母が、観に行きたい観に行きたいと公開前から言っていて、私は観る予定ではなく、映画の詳細も知らずにいたのですが、丁度映画館のスタンプがたまり、無料で観に行けることになり、行ってきました。

お話は、戦争末期の話です。
徴収された100人の兵士たち。上官がひいたクジによって任務先を決められ、そしてそれが生死を分けた。戦地に向かった94人は戦死し、戦地への任務ではない6人が生き残った。
(新藤監督はその生き残りの6人のうちの1人だそうです。)
タイトルの「一枚のハガキ」は、大竹しのぶ演じる友子が夫に宛てて書いたもの。夫はクジで戦地に赴き、戦死した。その後の友子のお話がメインですかね。豊川悦司は生き残った6人の兵士の役です。戦死した友子の夫から預かったハガキを持って友子に会いに行きます。

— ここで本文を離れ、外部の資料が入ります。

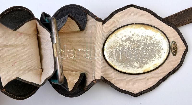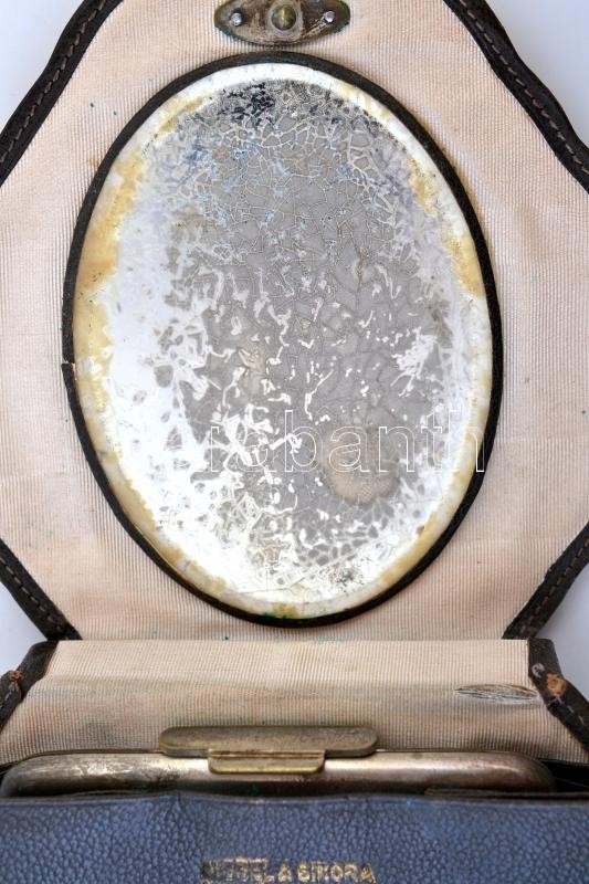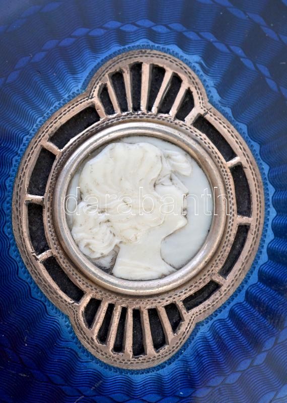 cca 1910 Nissel & Sikora Wien színházi táska, ezüst, zománc berakással és csont kámeával a közepén, belseje hasított bőr kisebb szakadásokkal, jelzett, 12×10 cm / cca 1910 Nissel&Sikora Wien theatra case, silver (Ag.), with enamel inlay, with small damages, with hallmark, 12×10 cm
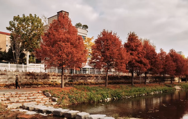 “Entre lo antiguo y lo nuevo hay un lugar donde se unen las dos partes, una terraza de madera rodeada de árboles. Esta terraza también conecta en altura las casas antiguas y nuevas”.

大竹しのぶの演技が何より凄い。なんとも鬼気迫るものがありました。
あの演技に「大げさすぎる。」と言う人もいるようですが、確かに私もちょっとそう思いましたが、あの戦争の中で人は正常でいられるのかな。狂気じみた鬼気迫るものがあったのではないかな、と思いました。
そう考えると大げさではないのかもしれません。

戦争の悲惨さ、クジで簡単に人の生き死にを決めてしまう怖さ、愚かさ、そのクジ運の悪さ(?)・・・なんとも煮え切らない思い。
本当に、戦争って、何も残らない、無意味なものだなと思いました。
しかし、その中で、たくましく、立ち上がって生きていく姿が、すばらしい。

お話全体が、どことなくつくりものめいたストーリー展開でしたが、それが嫌ではなかったです。新藤監督の作品は初めて観ましたが、こうゆう雰囲気のものを作る監督なのかな。これが新藤監督の色なんですかね。
音楽があまり多くないところもいいと思いました。雰囲気がある映画なので丁度良い。

最後の場面がとても良いと思いました。画が圧倒されるとゆうか、生きていこうと思いますね。